The Neuroprotective and antioxidative effects of submicron and blended Lycium barbarum in experimental retinal degeneration in rats.

The object is to determine the neuroprotective and antioxidative effects of submicron and blended Lycium barbarum (LB) on retinal degeneration as evaluated by ERG, retinal histopathology and assays of antioxidant (total GSH) and peroxidant (MDA) in the retina. A rat model of light-induced retinal degeneration was used to assess the protective effect of different forms of Lycium barbarum (LB) on retinal degeneration. Rats were divided into four experimental groups, normal control, light-induced untreated, submicron LB and blended LB treated. The rats of submicron and blended groups were treated with 250 mg/kg LB orally once daily for 54 days, followed by induction of retinal degeneration. Retinal function was assessed by electroretinography (ERG). Enzyme-linked immunosorbent assay of the retina lysates was measured for the levels of antioxidants, reduced glutathione and glutathione disulfide, and peroxidants, malondialdehyde, in the retina. The ERG results showed a protective effect in LB treated groups with a greater effect observed in submicron LB treated group than the blended LB treated group. There were higher levels of GSH plus GSSG and lower MDA in submicron LB treated group than other groups. In conclusion, LB provided protective and antioxidative effects on the rat retina with light-induced retinal degeneration. Submicron LB protected degenerative retina better than blended LB. LB is effective against oxidative stress in the degenerative retina.

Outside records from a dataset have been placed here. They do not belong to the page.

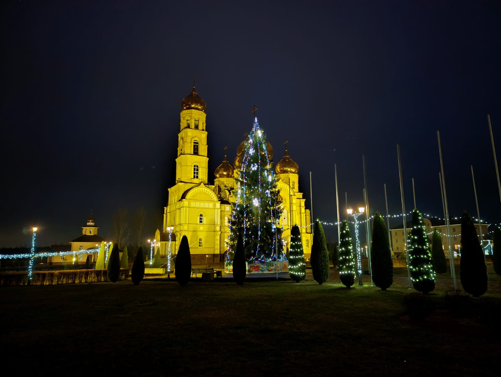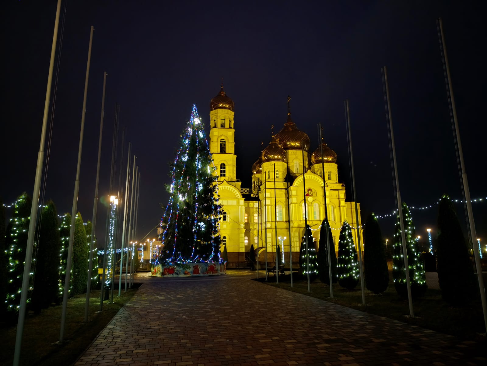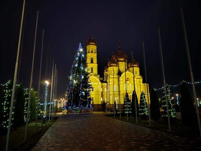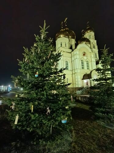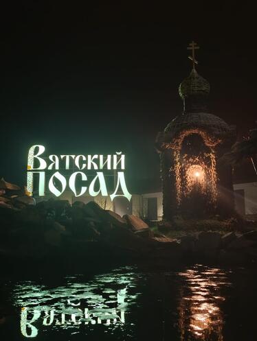 В духовно‑православном центре «Вятский Посад» зажглись праздничные огни. Величественная ель предстала в полном убранстве: её украшают сверкающие игрушки, разноцветные шары и переливающаяся гирлянда.
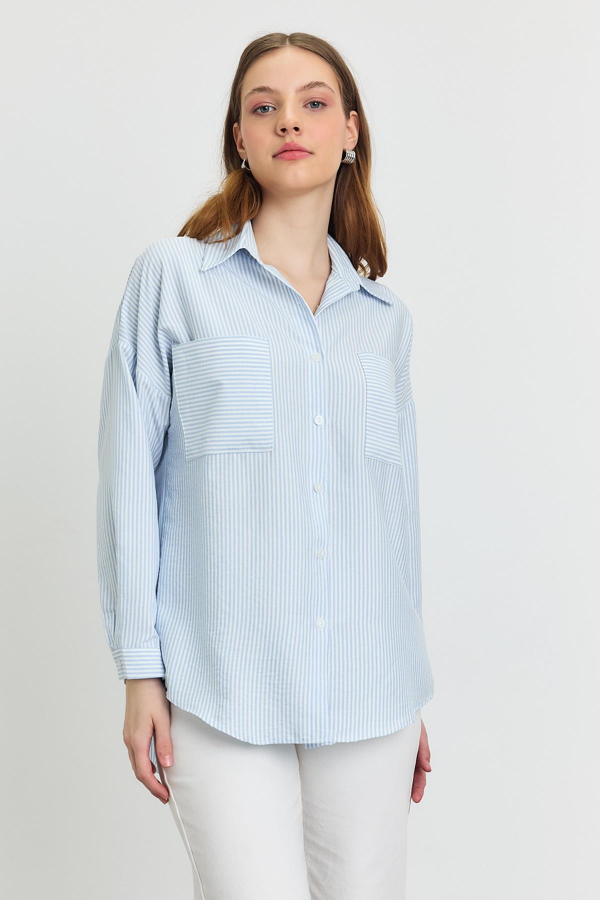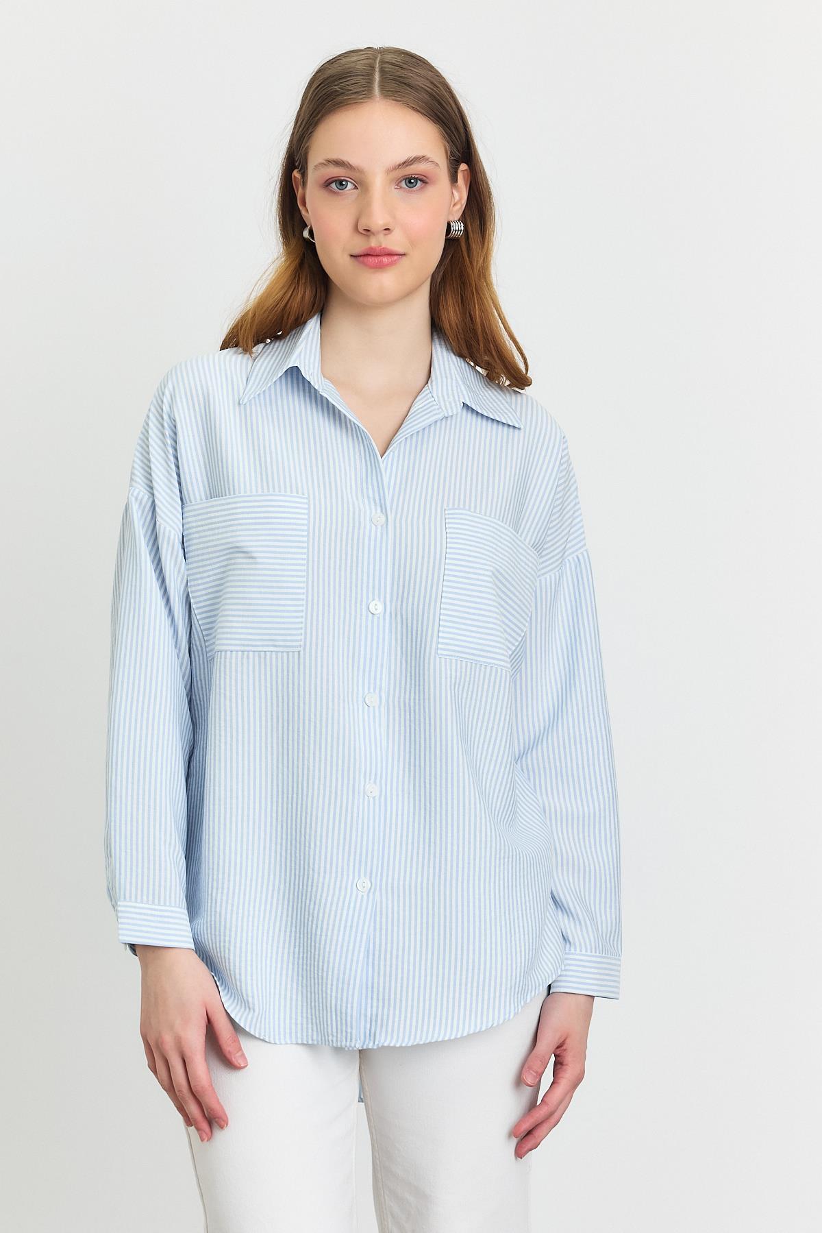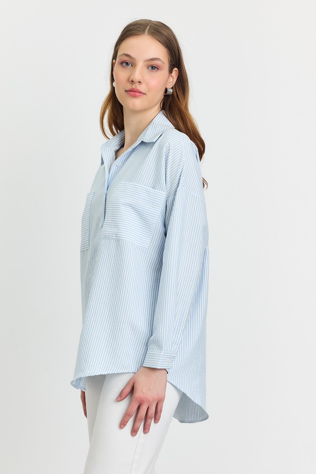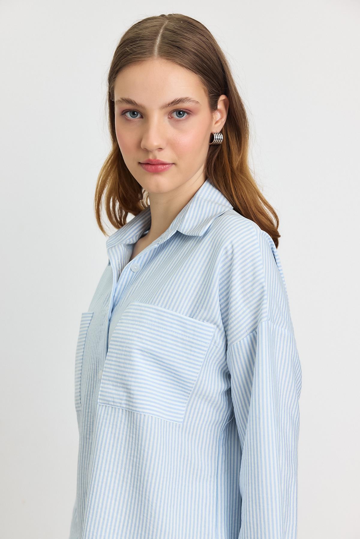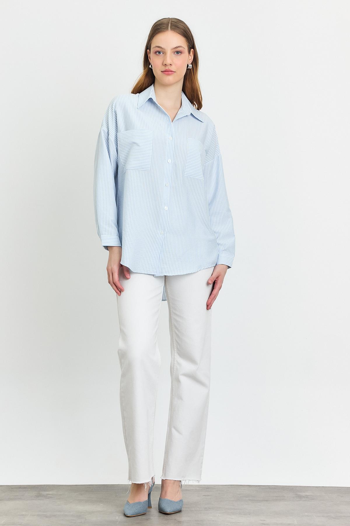 Mavi Çizgili Oversize Gömlek 5460 - RAYS Mavi Çizgili Oversize Gömlek 5460 - RAYS (1)
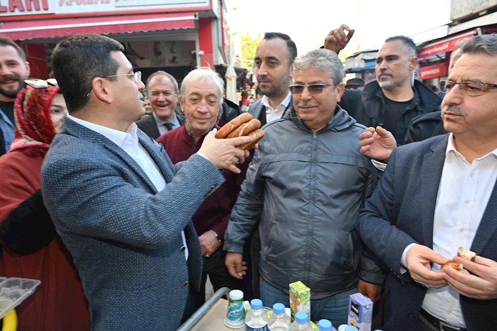 Antalya’nın dört bir yanını karış karış gezen Cumhur İttifakı’nın Antalya Büyükşehir Belediye Başkan adayı Hakan Tütüncü, acıkınca yol üzerindeki satış tezgahından tüm simitleri satın alarak, önce çocuklara sonra da hemşehrilerine ikram etti. Ayak üstü hem simitler yendi, hem de sıcacık sohbetler gerçekleştirildi.
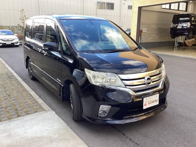 日産 セレナハイウェイスター S-ハイブリッド Vセレクション 純正ナビ TV Bカメラ フリップダウンモニター ETC 両側自動ドア クルーズコントロール 革巻きステアリング HIDヘッドライト スマートキー プッシュスタート 社外アルミホイール
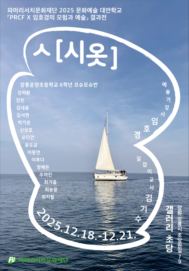 (재)파마리서치문화재단(이사장:박필현)은 18일부터 21일까지 강릉 초당동에 위치한 갤러리 초당에서 「PRCF X 임호경의 모험과 예술」 결과전 ‘ㅅ[시옷]’을 개최한다고 밝혔다. 이번 전시는 강릉운양초교 6학년 ‘코슈모슈’반 어린이들이 약 두 달간 참여한 문화예술 대안학교의 결과물을 공개하는 자리로, 예술가 임호경과 함께한 창작 여정의 결실이다. ‘시옷’이라는 전시 제목은 말과 글, 그리고 생각의 시작점이 되는 ‘ㅅ’의 상징성과 함께, 바다 위 돛처럼 상상의 항해를 이끄는 힘을 표현하고 있다.
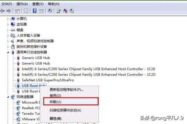 5、如果还不行,就把所有名称是usb root hub的选项,右击全部卸载掉,然后重新启动电脑,电脑会重新自动识别,这也算是一个大招了,多数的问题都能解决了。
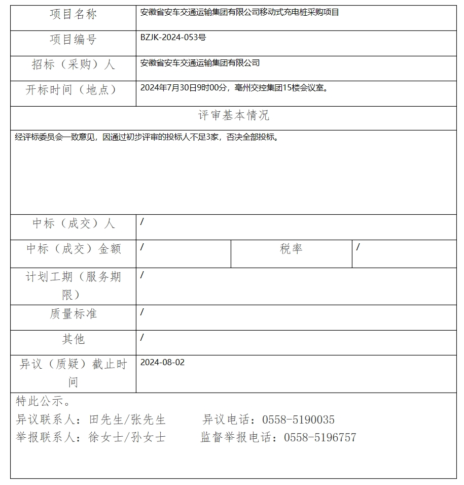 安徽省安車交通運輸集團有限公司移動式充電樁采購項目中標(成交)結(jié)果公示
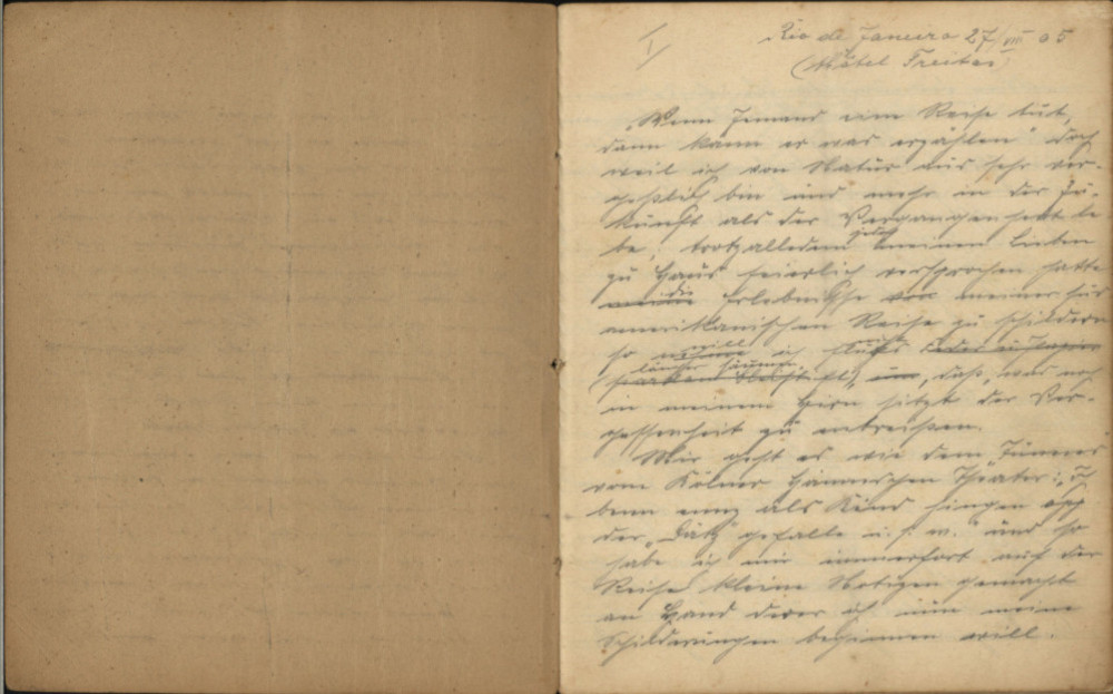 Wie die meisten Leute, die nie oder nur wenig Arbeit haben, am allerwenigsten sich einige Stunden ihrer „kostbaren“ Zeit abspleißen können, so ging es auch mir bisher. Oft hat mich in den ersten beiden Monaten nach meiner Abreise die Langeweile geplagt und doch habe ich nicht die Zeit gefunden, bis heute in Rio, der Haupt- und Handelsstadt von Brasilien. Gestern bin ich hier mit einem italienischen Dampfer angekommen; ich hatte eine viertägige Seereise von Montevideo Maquai, meinem letzten Wirkungsorte. Die Verpflegung war die denkbar beste, was Wunder, dass ich mich heute in vorzüglicher Stimmung befinde. Der Seewind hat mein träges Hirn durchbraust, und so geläutert mögen die Erinnerungen durch meinen rechten Arm und diesen Bleistift fließen, meinen Lieben zu Hause und allen, die sich für mich interessieren, verkündend, wie meine Reise verlief.
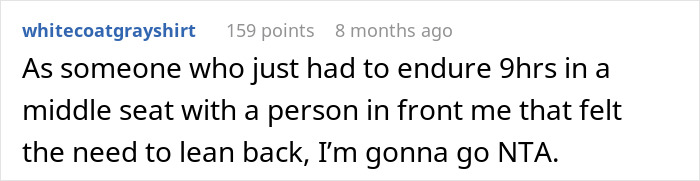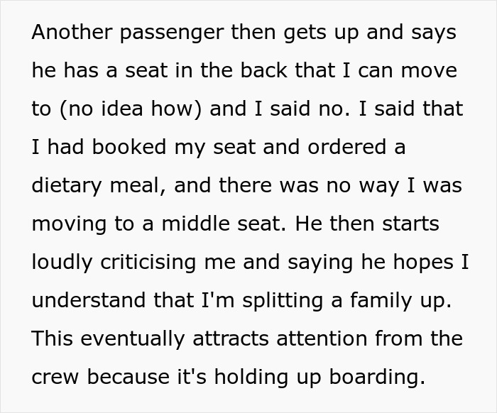 According to the Redditor, the fact that she had pre-booked a seat and ordered a specific meal to that seat for health reasons was irrelevant. People shouldn’t treat each other like this. “He was very rude when I confronted him on this, as I don’t think he expected to be called out on his behavior.”
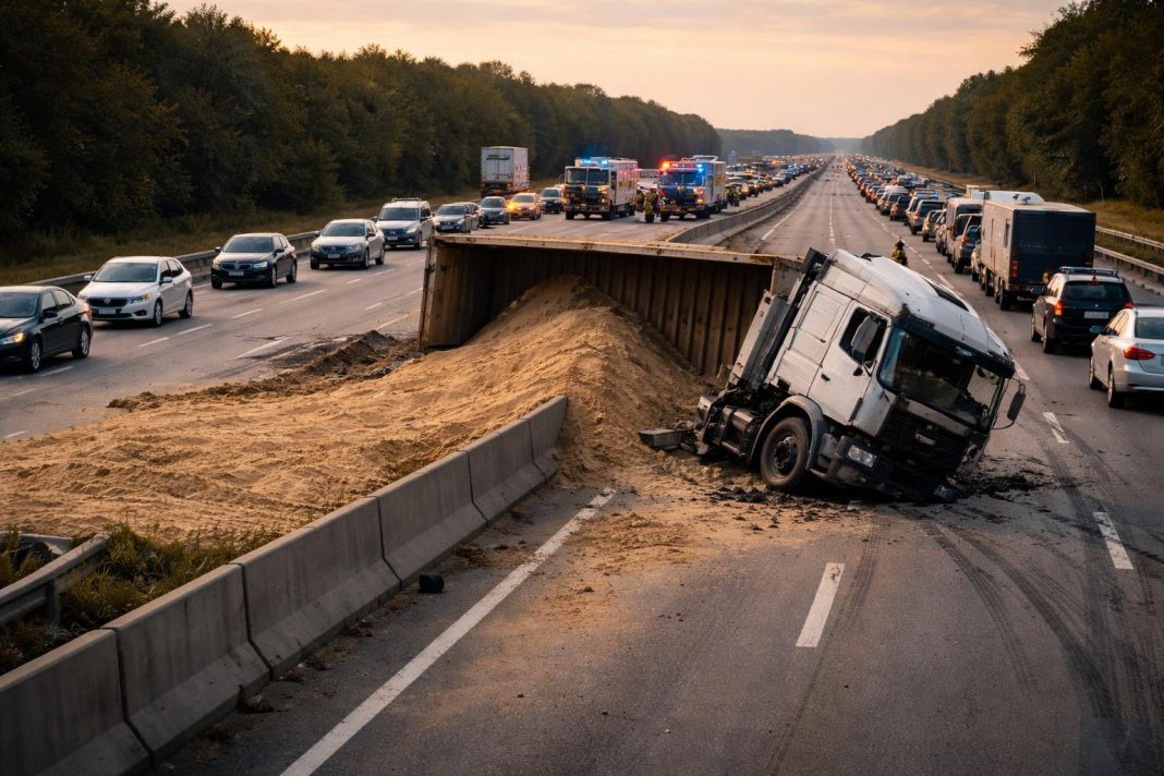 Pe Autostrada A1 București-Pitești, în apropierea localității Bolintin-Deal, județul Giurgiu, a avut loc în această după-amiază un accident major: un TIR încărcat cu nisip s-a răsturnat și a ajuns pe celălalt sens, blocând complet circulația. Potrivit Centrului Infotrafic, traficul este restricționat pe BENZILE 2 ale ambelor sensuri, iar desfășurarea se realizează cu dificultate pe BENZILE 1, ceea ce a dus la formarea de coloane în ambele sensuri.
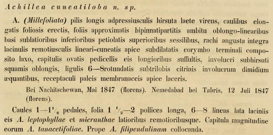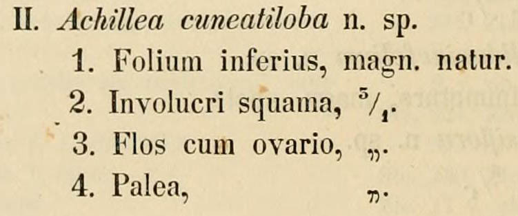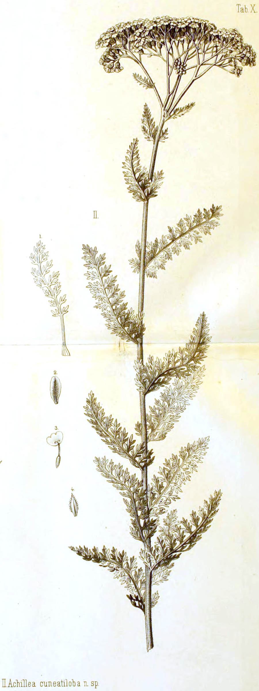 Протолог Achillea cuneatiloba Boiss. & Buhse и сопровождающая его иллюстрация (Nouveaux mémoires de la Société impériale des naturalistes de Moscou 12: 117., t. 10. f. 2. 1860):
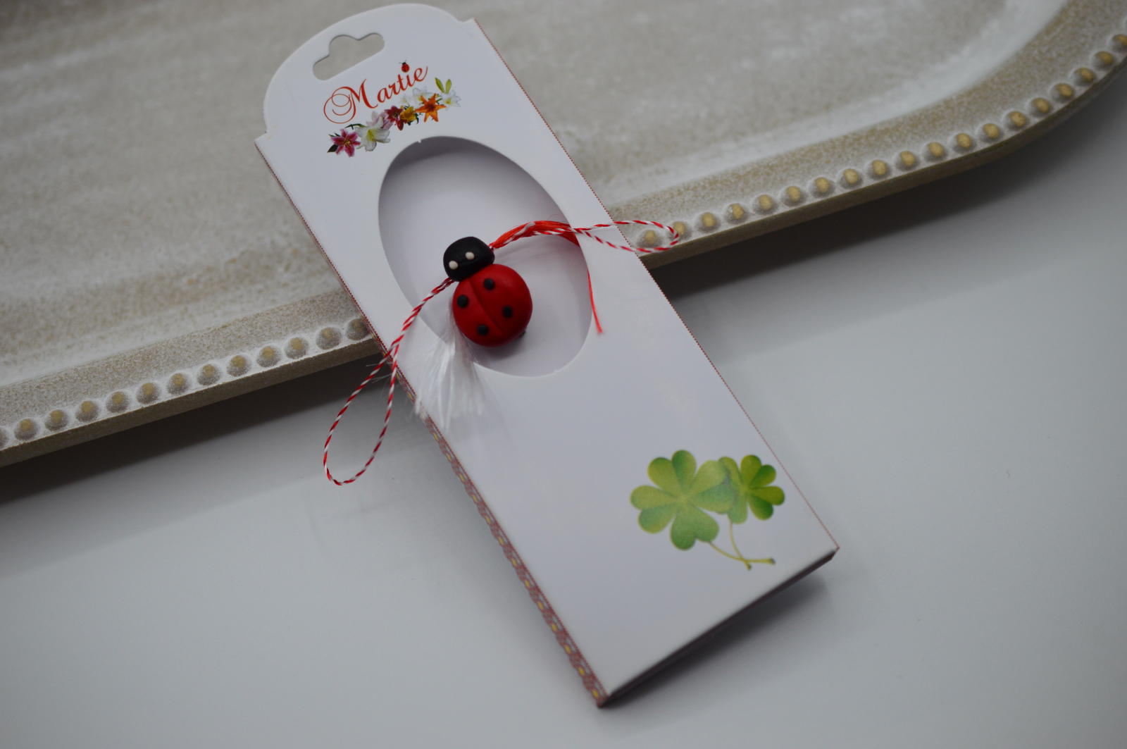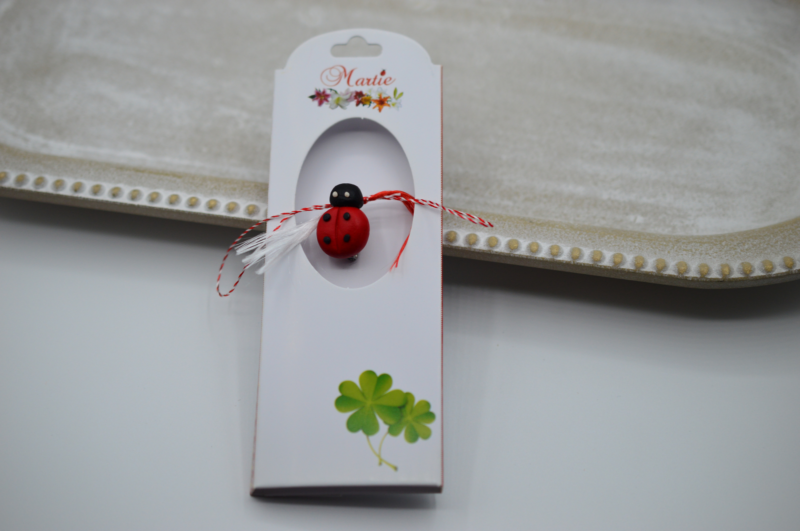 Brosa vine pe un carton cu snurul clasic de martisor.

Aged-related macular degeneration (AMD) is the leading cause of visual impairment and blindness in the world among people over age 55 years with the prevalence as 10–15% [2]. One of the major causes of aging is oxidative stress which increases production of free radicals, reactive species, and oxidant-related reactions resulting in cell damage [1, 23]. It is widely accepted that disorganizing free radical reactions linked to oxygen metabolism or oxidative stress play an important role not only in normal aging but also in progression of retinal degeneration [1, 5, 23].

Lycium barbarum (LB) extract from the fruits contains carotenoids such as zeaxanthin dispalmitate and polysaccharides which are important antioxidants as well as free radical scavengers [14]. Zeaxanthin dispalmitate is as the predominant carotenoid in the fruits of the lycium species confirmed by high performance liquid chromatography-photo diode array detection-mass spectrometery (HPLC-DAD-MS) method [13]. As an antioxidants, LB has been reported to decrease DNA damage in non-insulin dependent diabetes mellitus rats possibly via a decrease in oxidative stress levels [30], protect retinal ganglion cells from pressure-induced losing in a rat OH model [6], decrease the oxidative stress in skeletal muscle tissue of rats induced by the exhaustive exercise [18], rescue photoreceptors in rd1 mice [17], inhibit malondialdehyde formation in rat liver homogenate, and superoxide anion scavenging and anti-superoxide formation activities [31] and restore photoreceptors in experimental light-induced phototoxicity and macular degeneration [33].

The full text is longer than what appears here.